▶ **Action item**
Return each line of the listing below, unchanged, and omit the images.

▶ **Information shown**
= = = = = = =
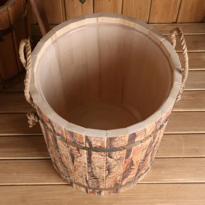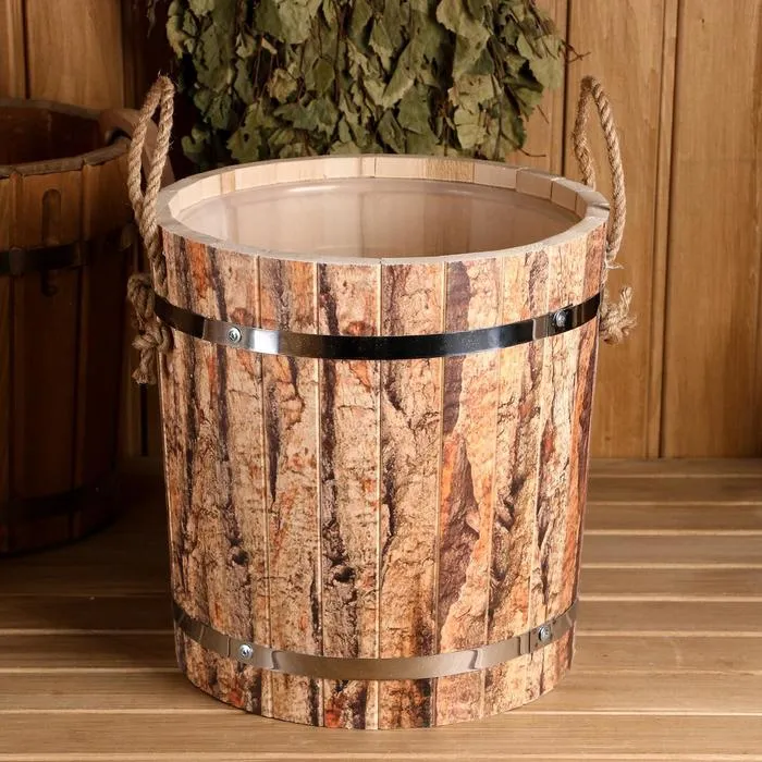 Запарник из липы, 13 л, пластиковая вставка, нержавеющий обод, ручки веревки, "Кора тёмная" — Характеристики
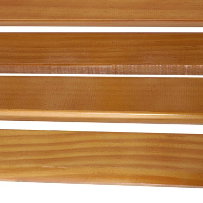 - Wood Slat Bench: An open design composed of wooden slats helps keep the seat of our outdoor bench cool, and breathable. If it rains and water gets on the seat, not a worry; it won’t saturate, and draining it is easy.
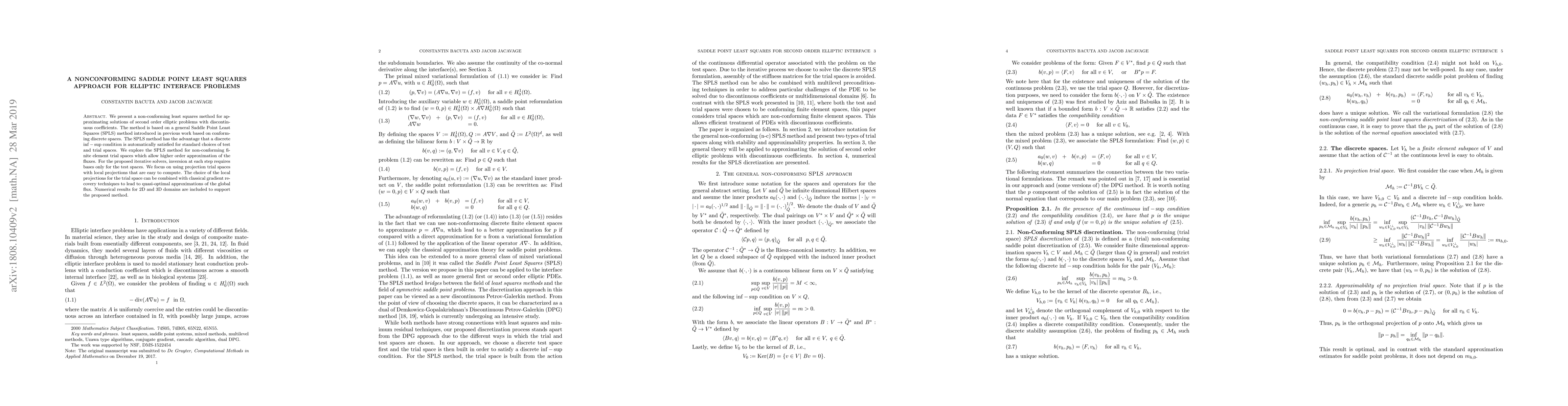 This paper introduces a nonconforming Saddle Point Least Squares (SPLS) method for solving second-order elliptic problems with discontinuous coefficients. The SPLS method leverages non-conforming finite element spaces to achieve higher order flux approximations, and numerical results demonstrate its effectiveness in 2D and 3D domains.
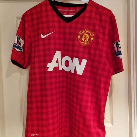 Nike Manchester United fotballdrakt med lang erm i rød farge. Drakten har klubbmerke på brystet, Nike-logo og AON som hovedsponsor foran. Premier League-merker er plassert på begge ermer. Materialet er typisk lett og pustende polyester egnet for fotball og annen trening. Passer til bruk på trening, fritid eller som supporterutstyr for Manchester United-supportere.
= = = = = = =
▶ **Solution for this exercise**
 Запарник из липы, 13 л, пластиковая вставка, нержавеющий обод, ручки веревки, "Кора тёмная" — Характеристики
 - Wood Slat Bench: An open design composed of wooden slats helps keep the seat of our outdoor bench cool, and breathable. If it rains and water gets on the seat, not a worry; it won’t saturate, and draining it is easy.
 This paper introduces a nonconforming Saddle Point Least Squares (SPLS) method for solving second-order elliptic problems with discontinuous coefficients. The SPLS method leverages non-conforming finite element spaces to achieve higher order flux approximations, and numerical results demonstrate its effectiveness in 2D and 3D domains.
 Nike Manchester United fotballdrakt med lang erm i rød farge. Drakten har klubbmerke på brystet, Nike-logo og AON som hovedsponsor foran. Premier League-merker er plassert på begge ermer. Materialet er typisk lett og pustende polyester egnet for fotball og annen trening. Passer til bruk på trening, fritid eller som supporterutstyr for Manchester United-supportere.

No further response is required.